Troubleshooting Non-Indexable URLs In Screaming Frog
Recently I came across an issue which took me a while to find an answer to.
I was doing a site migration (same domain, new URLs) and ran a Screaming Frog crawl across the new site when I noticed something a little odd.
All the new html URLs that had a status code of 200 and had a status of ‘OK‘ seemed to be non-indexable. The URLs were canonicalised. I scratched my head.
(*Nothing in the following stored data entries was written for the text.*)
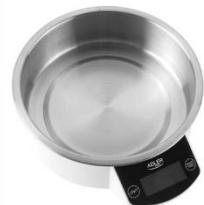
KITCHEN SCALE AD 3166
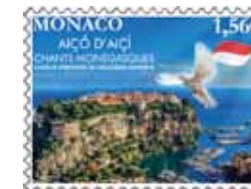
Conception graphique : Ludovic Tristan Impression : Offset et réalité augmentée Format du timbre : 40,85 x 30 mm horizontal Tirage : 40.000 timbres-poste Feuille de 10 timbres-poste avec enluminures Valeur faciale : 1,56 €
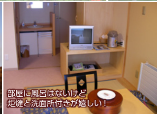
部屋に風呂はないけど炬燵と洗面所付きが嬉しい!
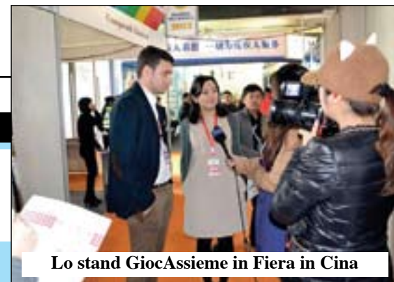
Lo stand GiocAssieme in Fiera in Cina

febbraio per firmare una fornitura molto importante per uno dei più grandi rivenditori di materiale sanitario di tutta la Cina. Il sindaco in questi giorni ci ha contattato per un preventivo per installare la struttura in molti parchi della città. Ora presenteremo questa struttura in Albania e partiremo con 5 rappresentanti, che copriranno gran parte dell'Italia, per proporre il prodotto a enti pubblici e associazioni. Abbiamo in cantiere altri 5 oggetti mirati per gli anziani, da installare nei parchi pubblici e nelle case di riposo».
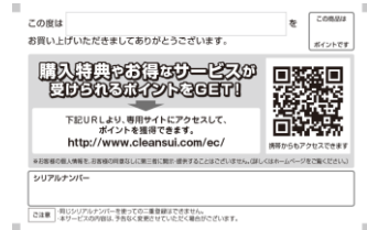
キャンペーンPOP(左/左中)と、キャンペーンシール(右中)、クリンスイポイント登録カード(右)
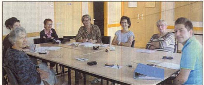
Les membres réunis pour l'assemblée générale.

Vendredi 26 septembre s'est tenue l'assemblée générale de l'atelier Boz'arts.
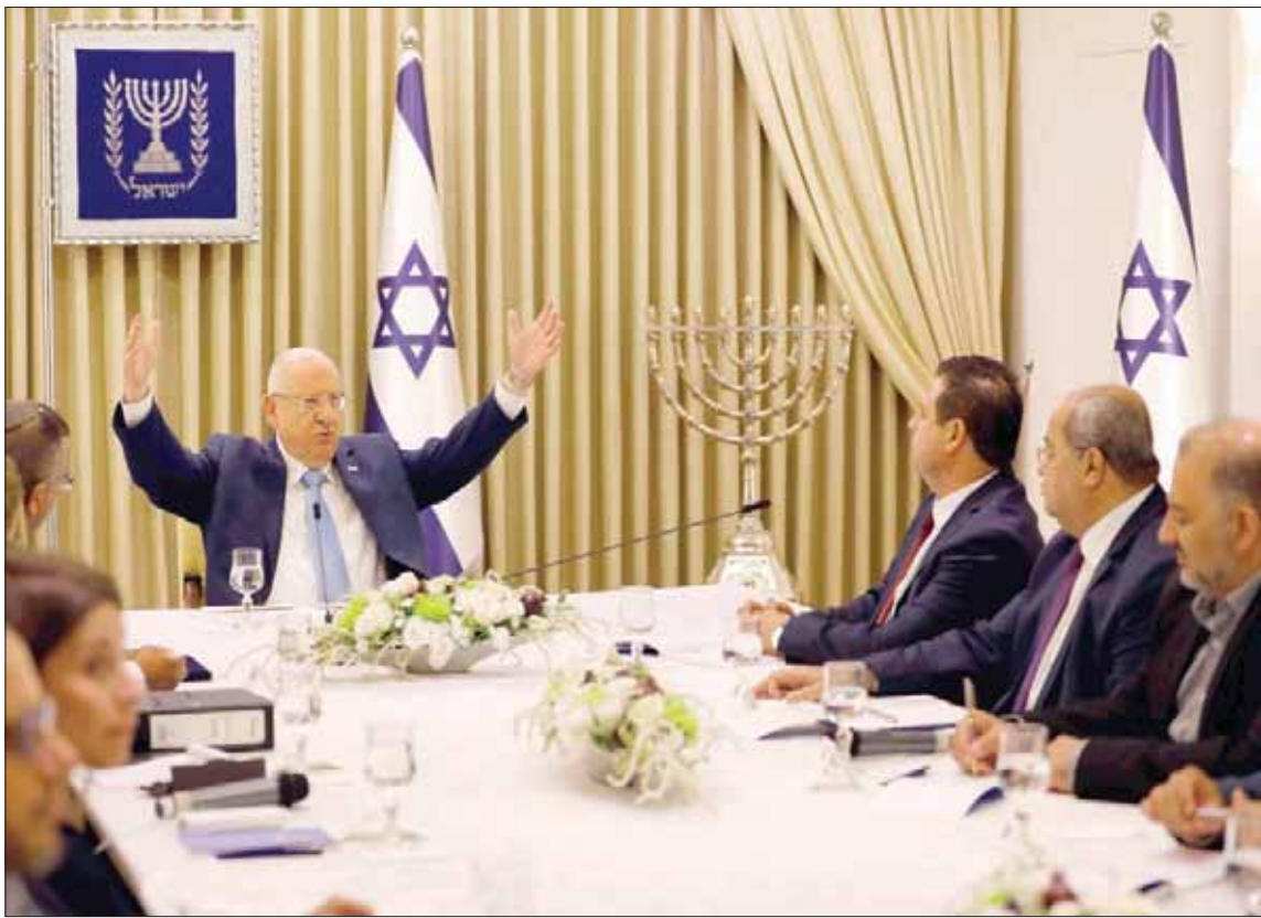
الرئيس الإسرائيلي رؤوفين رفلين مستقبلاً القائمة العربية المشتركة التي رشحت بيني غانتس لتشكيل الحكومة المقبلة

ذكر أن نتائج الانتخابات ستنتشر رسمياً الأربعاء، وعندها يكون أمام رفلين أن يواصل مشاورات ثمانية أيام ويتخذ قراره حول التكليف. وفي الغالب سيكلف غانتس، الذي أوصى بتكليف نتنهاو. ثم حزب اليهود الشريفيين عن حزب اليهود الشريفيين شاس، الذي أوصى بتكليف نتنهاو. ثم حزب اليهود الروس «يسرائيل بيتنا»، الذي قرر عدم التوصية على أي من المرشحين. وقال أفيغدور ليبرمان، إن حزبه يلاحظ أن نتنهاو وغانتس على السواء يعملان ضد حكومة وحدة

According to Screaming Frog, a non-indexable URL indexability status can be attributed to one of the following issues. The URLs:
- Are blocked by robots.txt.
- Give no Response.
- Redirect (3XX, meta refresh, or JavaScript redirect)
- Give Client Error (4XX)
- Give Server Error (5XX)
- Are Noindex (or ‘None’)
- Are Canonicalised
- Are Nofollowed
I checked everything. The robots.txt file wasn’t blocking the URLs, there were no redirects, meta refreshes or client errors, noindex tags weren’t present, and nofollow tags weren’t present.
Puzzling. And troubling.
That only left a potential issue with the canonical link element.
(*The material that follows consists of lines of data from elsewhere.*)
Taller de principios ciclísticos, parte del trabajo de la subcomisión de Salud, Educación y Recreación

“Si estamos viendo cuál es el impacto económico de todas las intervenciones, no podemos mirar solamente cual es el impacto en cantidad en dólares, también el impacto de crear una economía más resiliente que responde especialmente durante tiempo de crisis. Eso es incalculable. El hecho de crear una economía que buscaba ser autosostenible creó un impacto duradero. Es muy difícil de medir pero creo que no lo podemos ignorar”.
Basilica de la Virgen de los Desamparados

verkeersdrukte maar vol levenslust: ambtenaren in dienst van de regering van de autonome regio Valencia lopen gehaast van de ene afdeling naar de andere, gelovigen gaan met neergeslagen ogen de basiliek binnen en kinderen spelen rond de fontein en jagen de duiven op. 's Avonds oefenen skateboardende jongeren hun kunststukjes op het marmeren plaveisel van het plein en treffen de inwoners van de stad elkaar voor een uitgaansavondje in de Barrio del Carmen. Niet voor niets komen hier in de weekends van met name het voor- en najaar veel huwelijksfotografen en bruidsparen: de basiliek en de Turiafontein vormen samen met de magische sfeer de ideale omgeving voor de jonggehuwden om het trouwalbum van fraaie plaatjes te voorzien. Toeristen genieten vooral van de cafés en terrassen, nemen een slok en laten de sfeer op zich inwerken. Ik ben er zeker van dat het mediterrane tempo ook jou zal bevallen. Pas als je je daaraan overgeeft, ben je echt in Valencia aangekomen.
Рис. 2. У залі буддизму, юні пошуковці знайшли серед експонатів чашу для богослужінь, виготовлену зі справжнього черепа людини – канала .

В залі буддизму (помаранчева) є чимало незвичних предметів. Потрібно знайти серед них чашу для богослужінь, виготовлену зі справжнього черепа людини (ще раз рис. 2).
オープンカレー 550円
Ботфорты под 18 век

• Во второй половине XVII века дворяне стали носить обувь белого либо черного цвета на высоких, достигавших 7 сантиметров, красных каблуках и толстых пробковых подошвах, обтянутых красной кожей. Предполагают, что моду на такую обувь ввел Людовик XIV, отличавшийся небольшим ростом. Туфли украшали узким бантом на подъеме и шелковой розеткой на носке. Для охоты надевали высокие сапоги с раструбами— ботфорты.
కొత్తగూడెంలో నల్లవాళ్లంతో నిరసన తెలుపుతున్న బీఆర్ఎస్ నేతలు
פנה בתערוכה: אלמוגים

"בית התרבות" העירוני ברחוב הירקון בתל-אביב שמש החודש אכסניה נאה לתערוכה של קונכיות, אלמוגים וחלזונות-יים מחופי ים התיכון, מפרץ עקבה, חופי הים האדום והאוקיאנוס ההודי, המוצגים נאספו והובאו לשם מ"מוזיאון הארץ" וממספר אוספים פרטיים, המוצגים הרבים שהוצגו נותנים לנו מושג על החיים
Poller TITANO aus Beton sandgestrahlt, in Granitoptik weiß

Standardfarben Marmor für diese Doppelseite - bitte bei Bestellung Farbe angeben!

I doubled checked the canonical links on a couple of the pages, and finally spotted the answer.
The new canonical tags were referencing ‘HTTP’ rather than ‘HTTPS’. As a redirect was in place from HTTP to HTTPs for all URLs, this led the SEO spider to flag the URLs as non-indexable.
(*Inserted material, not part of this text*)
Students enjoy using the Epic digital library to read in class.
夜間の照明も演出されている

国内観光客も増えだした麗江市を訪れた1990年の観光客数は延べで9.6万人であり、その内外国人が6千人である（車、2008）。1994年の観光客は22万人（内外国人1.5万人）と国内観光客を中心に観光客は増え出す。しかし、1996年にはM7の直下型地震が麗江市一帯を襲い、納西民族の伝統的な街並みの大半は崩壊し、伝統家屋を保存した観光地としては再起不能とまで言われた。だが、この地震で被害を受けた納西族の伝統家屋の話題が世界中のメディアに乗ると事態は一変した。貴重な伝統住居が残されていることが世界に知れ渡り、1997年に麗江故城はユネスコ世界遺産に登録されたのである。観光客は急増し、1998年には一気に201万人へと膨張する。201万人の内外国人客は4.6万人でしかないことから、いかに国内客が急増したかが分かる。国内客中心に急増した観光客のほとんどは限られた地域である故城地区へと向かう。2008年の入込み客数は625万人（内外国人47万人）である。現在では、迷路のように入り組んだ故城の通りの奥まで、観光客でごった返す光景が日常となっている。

The canonical tags were changed to HTTPS and voila, problem solved!
Hi Simon,
I’ve bumped into this post searching for this exact same issue. The odd thing is that the canonical tags are referencing https. So there should not be a redirect issue right? What I don’t understand is that every non-indexable / canonicalised page has two canonical link elements. Link element 1 is referencing to the Homepage. Link element 2 is self referencing. Any thoughts on this? thx
Hi Robbert, that does sound a bit weird. In fact that would be the reason Screaming Frog is pushing out an error. A page should only have one canonical tag – if a page has multiple canonical tags, then Google will ignore both (see more here > https://webmasters.googleblog.com/2013/04/5-common-mistakes-with-relcanonical.html). Try just the self-referencing canonical & see if that works π
Hi Robbert and Simon,
Just want to say, I am doing an audit of a website and encountering this issue, too. What I found out was that my site has in some cases redirect chains with up to 6 hops, which I believe is why some of the URLs although 200/OK and canonicalized were marked down non-indexable.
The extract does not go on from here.